> What is being asked: Copy everything in the data below exactly except the pictures.

> Data segment:
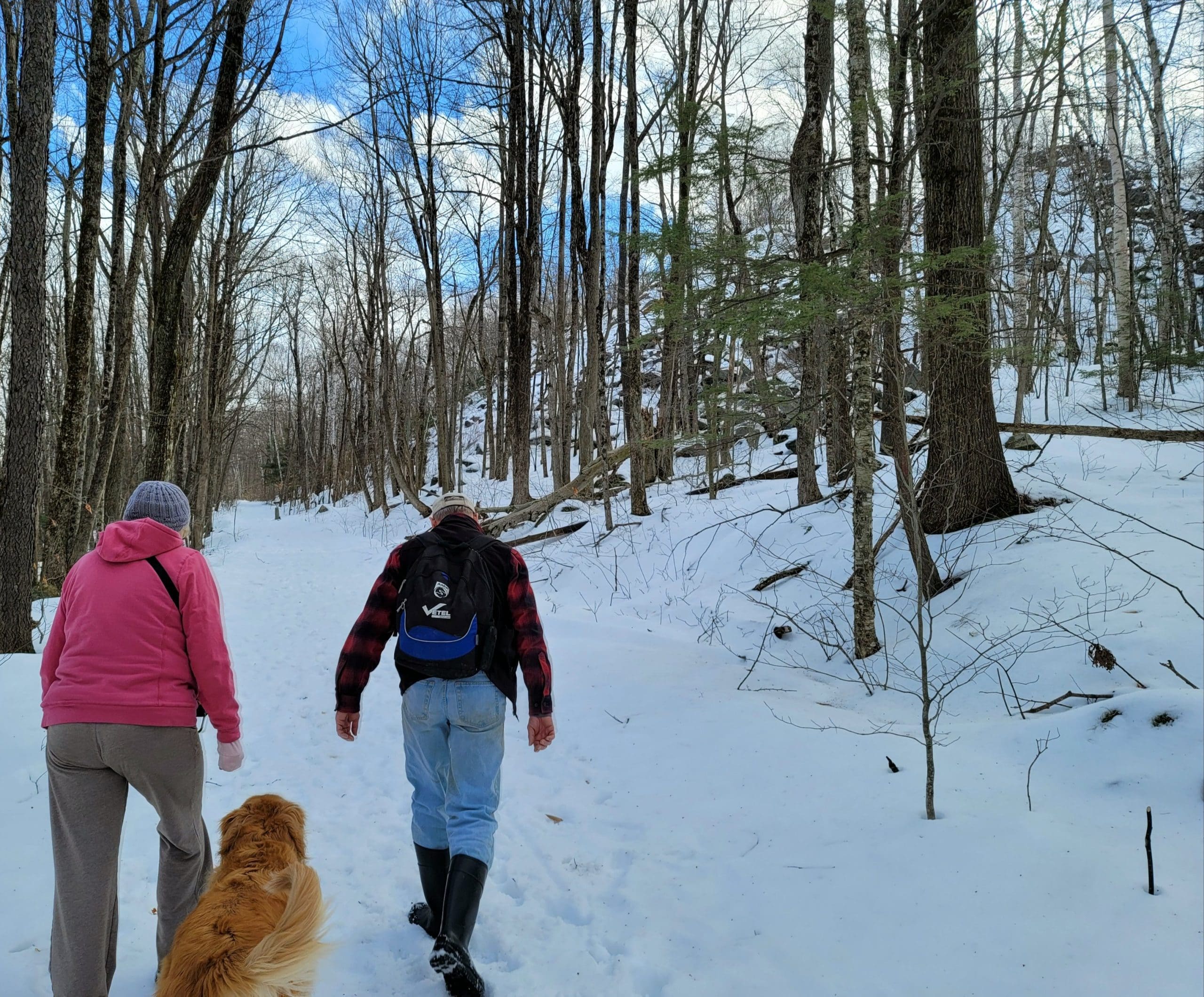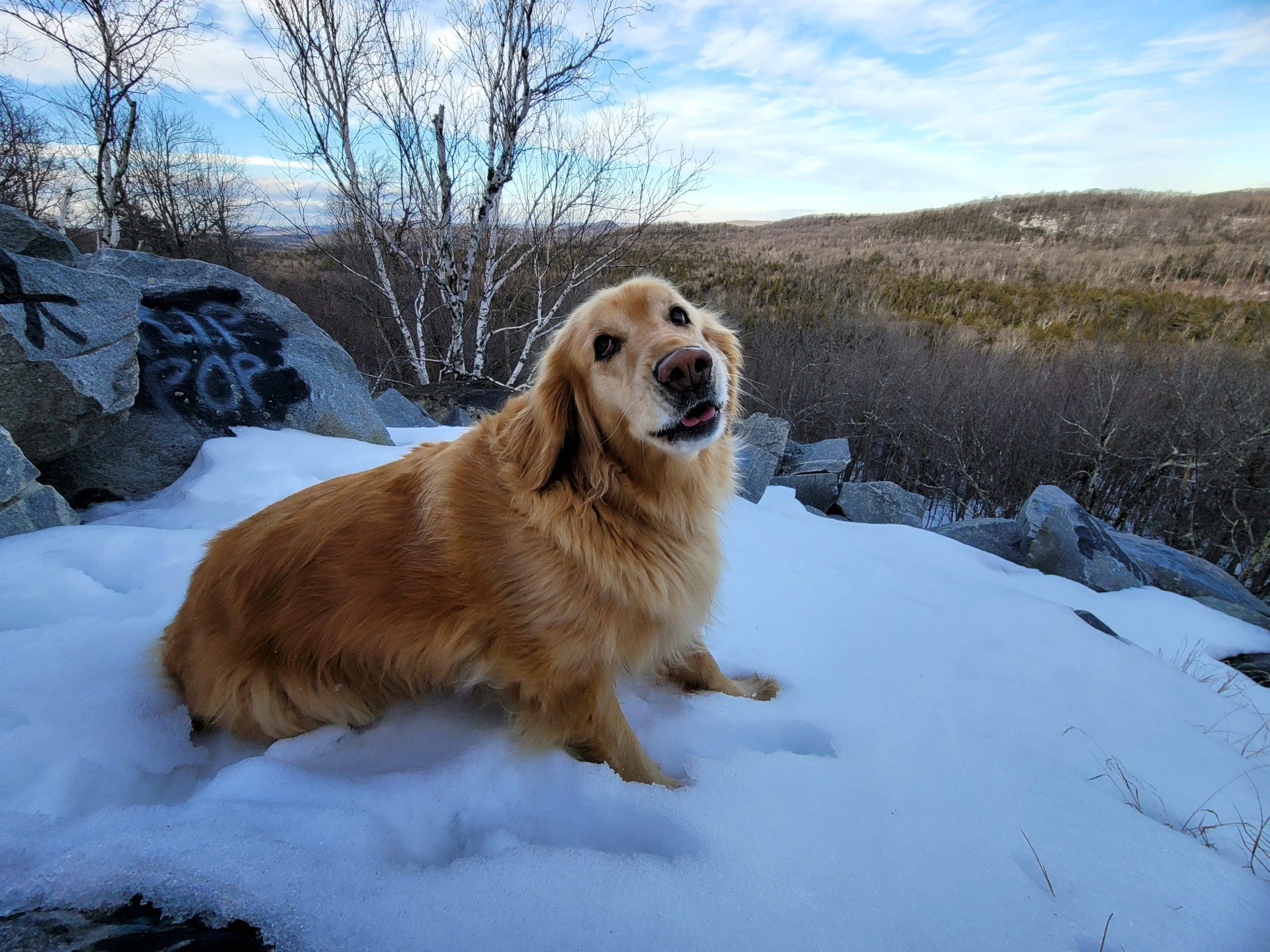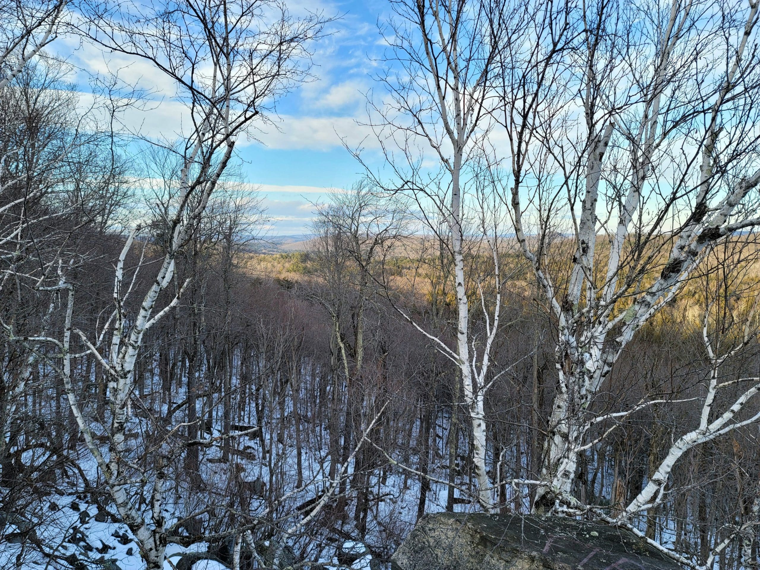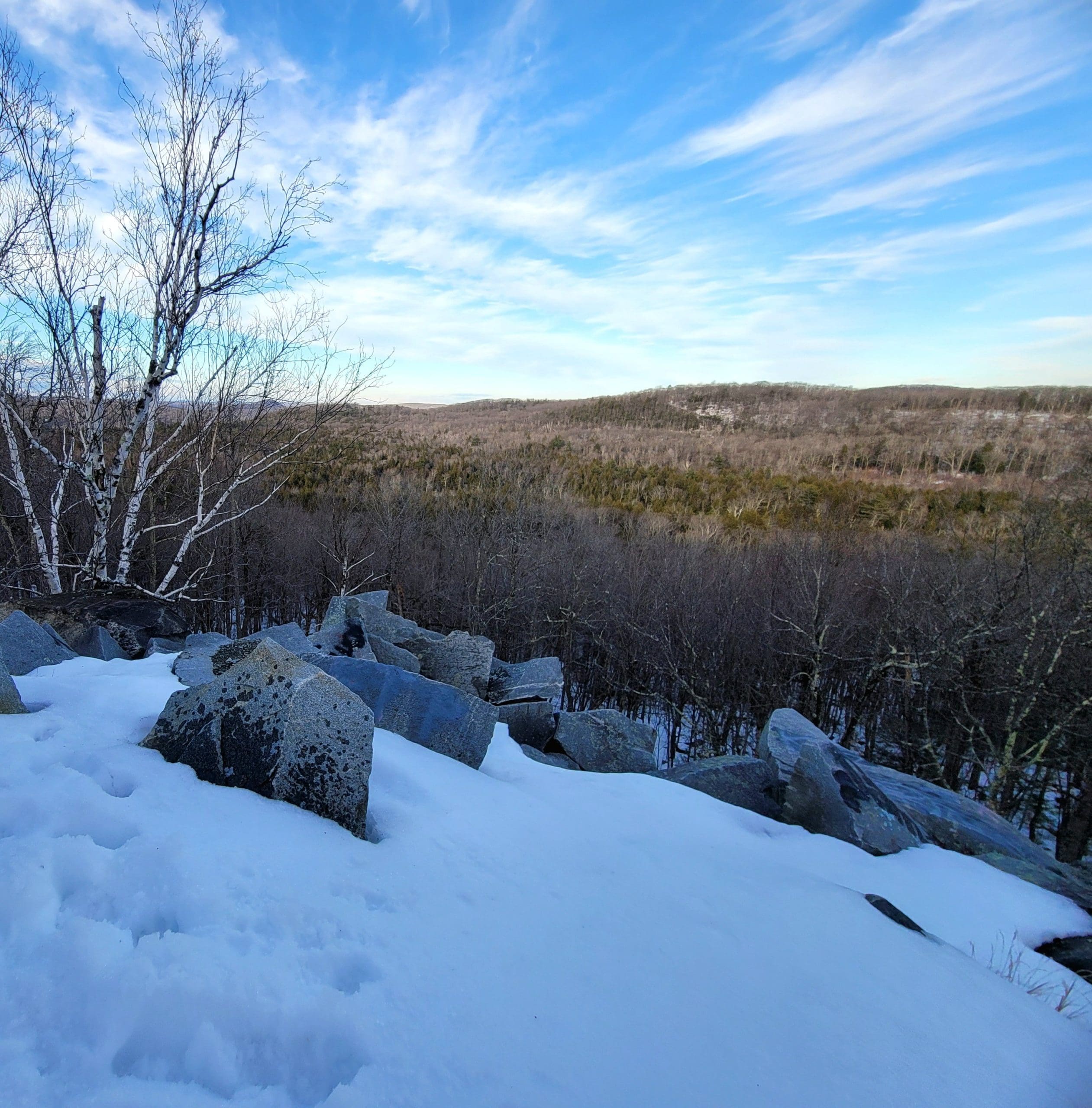 Becket Quarry winter hiking. Going in on the main trail, the smaller grout pile on your left offers sweeping views East and North to Gobble Mountain in Chester and the County line of Berkshire and Hampden County. The main quarry and its old derricks can be seen this time of the year hanging down the quarry walls.
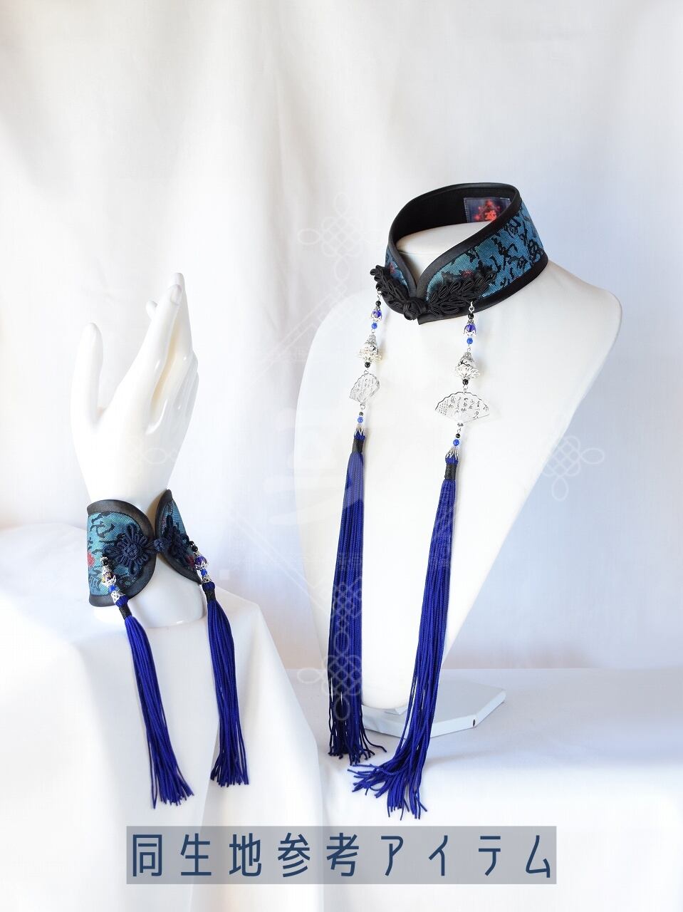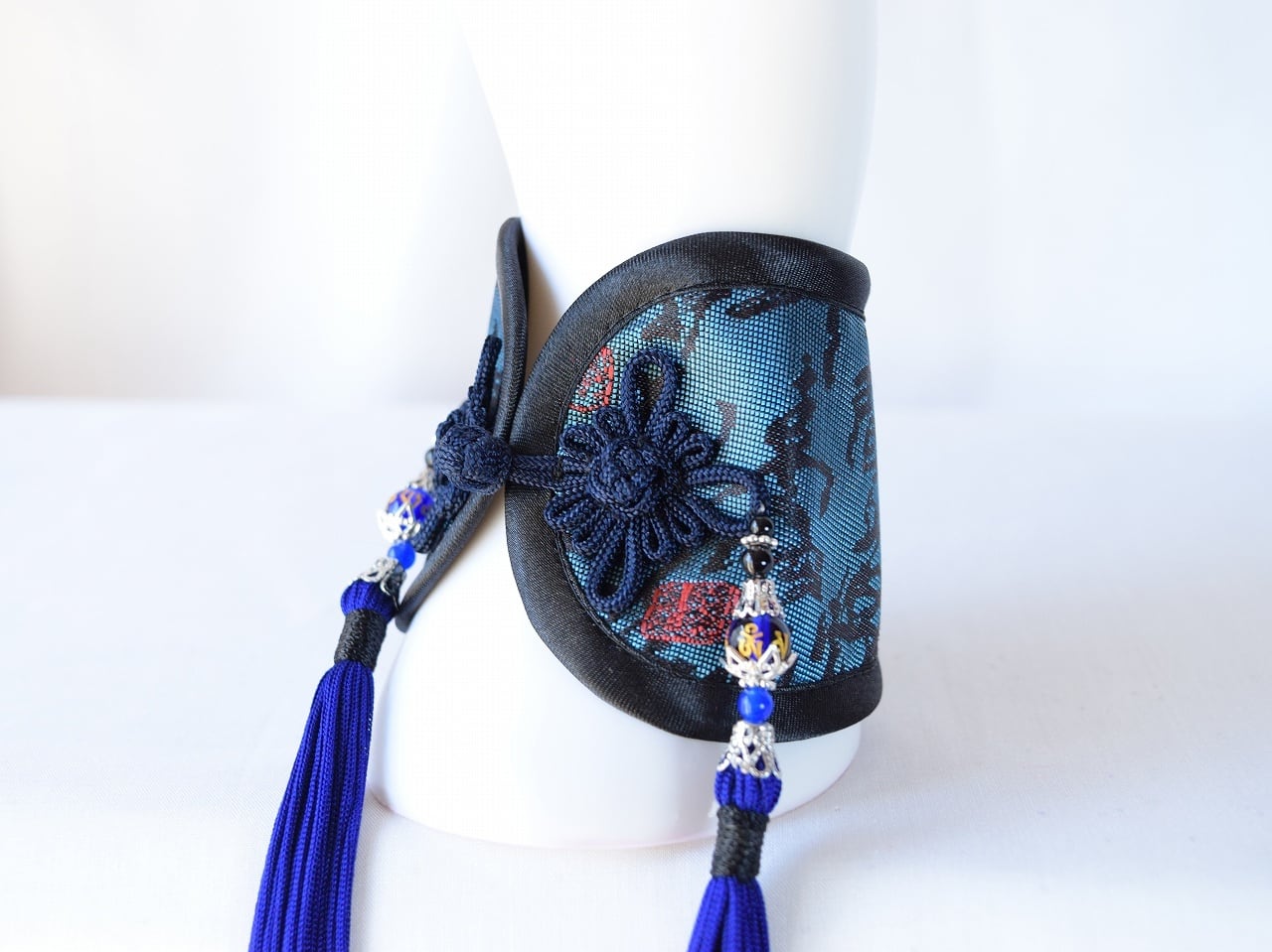 装飾:梵字の石と黒と青の石ビーズ、新色の装飾、青紺のタッセル、
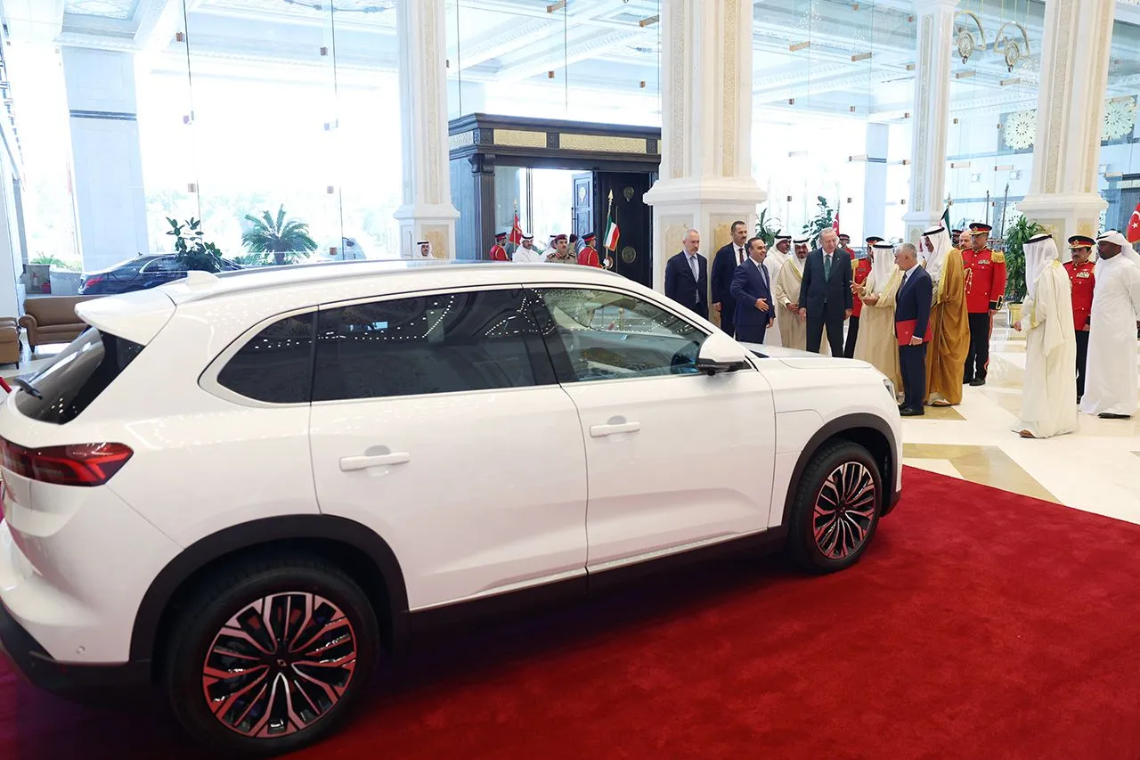 Cumhurbaşkanı Recep Tayyip Erdoğan, resmi ziyaret kapsamında bulunduğu Kuveyt'teki temaslarını sürdürürken Kuveyt Emiri es Sabah'a beyaz renkte Togg aracı hediye etti.
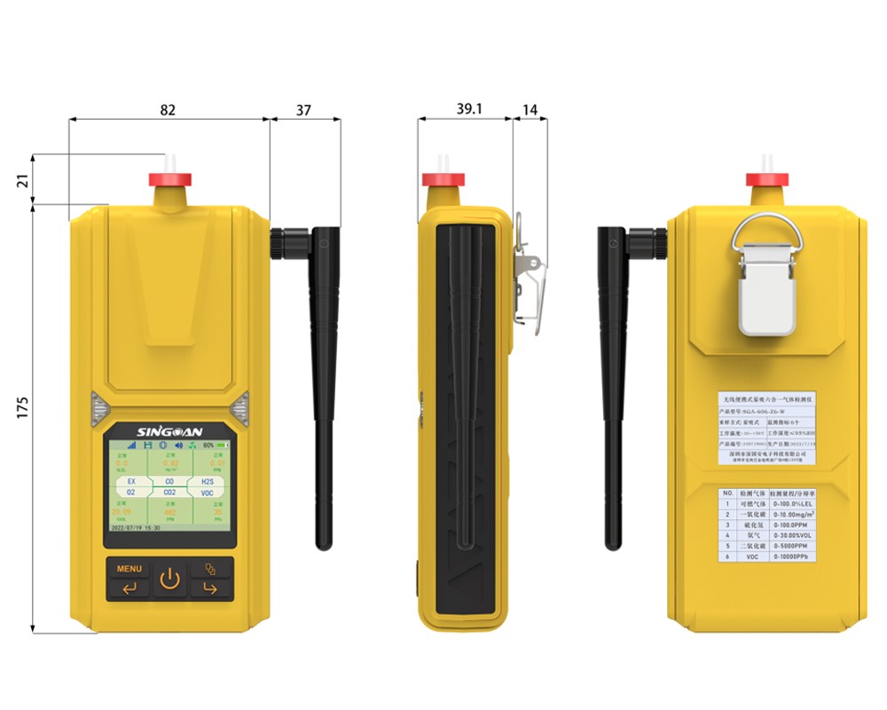 SGA-606系列便攜式六合一惡嗪氣體檢測儀小巧輕便,功能強大。2.4英寸高清液晶彩屏,實時顯示檢測目標氣體濃度值;內置高性能采樣泵,1-10檔流速可調;5000mA超大容量鋰電池,可連續工作20小時以上;內置全生命周期監控系統,傳感器壽命到期、儀表故障、校準提醒,零點自動修正等一應俱全,還可一鍵復位恢復出廠設置;中文簡體、英文、中文繁體三種語言系統,適合所有人群操作。umol/mol、ppm、ppb、%LEL、%VOL、mg/m3、ug/m3、g/m3、mg/l、g/l等濃度單位之間自由切換,氣體濃度值一目了然;支持本地存儲10萬條以上數據,自動存儲歷史記錄、報警記錄、故障記錄、開關機時間等數據,數據存儲間隔時間1-999秒可調;支持PC-TWA時間加權平均容許濃度和PC-STEL短時間接觸容許濃度:數據可通過儀器自帶的專用軟件通過USB進行導出Excel表格,進行編輯、打印、存儲等工作;標配水阱過濾器,有效過濾粉塵顆粒物和水汽,提高檢測精度,延長傳感器使用壽命;也可選配內置無線模塊,通過4G流量卡實時將監測數據上傳到物聯網平臺;智能光感控制功能,儀表會自動根據當前光照度調節屏幕亮度;大氣壓指標監測,特別適合高海拔環境下使用;標配鱷魚夾,可在使用過程中真正解放雙手,不影響正常作業;防跌倒報警功能,當人員發生意外跌倒,檢測儀則會持續進行報警,提醒其他工作人員及時救援;特別適合進入隧道、管廊、地窖、污水池、下水道、礦井、密閉空間等場所的作業人員使用;

> Written solution:
 Becket Quarry winter hiking. Going in on the main trail, the smaller grout pile on your left offers sweeping views East and North to Gobble Mountain in Chester and the County line of Berkshire and Hampden County. The main quarry and its old derricks can be seen this time of the year hanging down the quarry walls.
 装飾:梵字の石と黒と青の石ビーズ、新色の装飾、青紺のタッセル、
 Cumhurbaşkanı Recep Tayyip Erdoğan, resmi ziyaret kapsamında bulunduğu Kuveyt'teki temaslarını sürdürürken Kuveyt Emiri es Sabah'a beyaz renkte Togg aracı hediye etti.
 SGA-606系列便攜式六合一惡嗪氣體檢測儀小巧輕便,功能強大。2.4英寸高清液晶彩屏,實時顯示檢測目標氣體濃度值;內置高性能采樣泵,1-10檔流速可調;5000mA超大容量鋰電池,可連續工作20小時以上;內置全生命周期監控系統,傳感器壽命到期、儀表故障、校準提醒,零點自動修正等一應俱全,還可一鍵復位恢復出廠設置;中文簡體、英文、中文繁體三種語言系統,適合所有人群操作。umol/mol、ppm、ppb、%LEL、%VOL、mg/m3、ug/m3、g/m3、mg/l、g/l等濃度單位之間自由切換,氣體濃度值一目了然;支持本地存儲10萬條以上數據,自動存儲歷史記錄、報警記錄、故障記錄、開關機時間等數據,數據存儲間隔時間1-999秒可調;支持PC-TWA時間加權平均容許濃度和PC-STEL短時間接觸容許濃度:數據可通過儀器自帶的專用軟件通過USB進行導出Excel表格,進行編輯、打印、存儲等工作;標配水阱過濾器,有效過濾粉塵顆粒物和水汽,提高檢測精度,延長傳感器使用壽命;也可選配內置無線模塊,通過4G流量卡實時將監測數據上傳到物聯網平臺;智能光感控制功能,儀表會自動根據當前光照度調節屏幕亮度;大氣壓指標監測,特別適合高海拔環境下使用;標配鱷魚夾,可在使用過程中真正解放雙手,不影響正常作業;防跌倒報警功能,當人員發生意外跌倒,檢測儀則會持續進行報警,提醒其他工作人員及時救援;特別適合進入隧道、管廊、地窖、污水池、下水道、礦井、密閉空間等場所的作業人員使用;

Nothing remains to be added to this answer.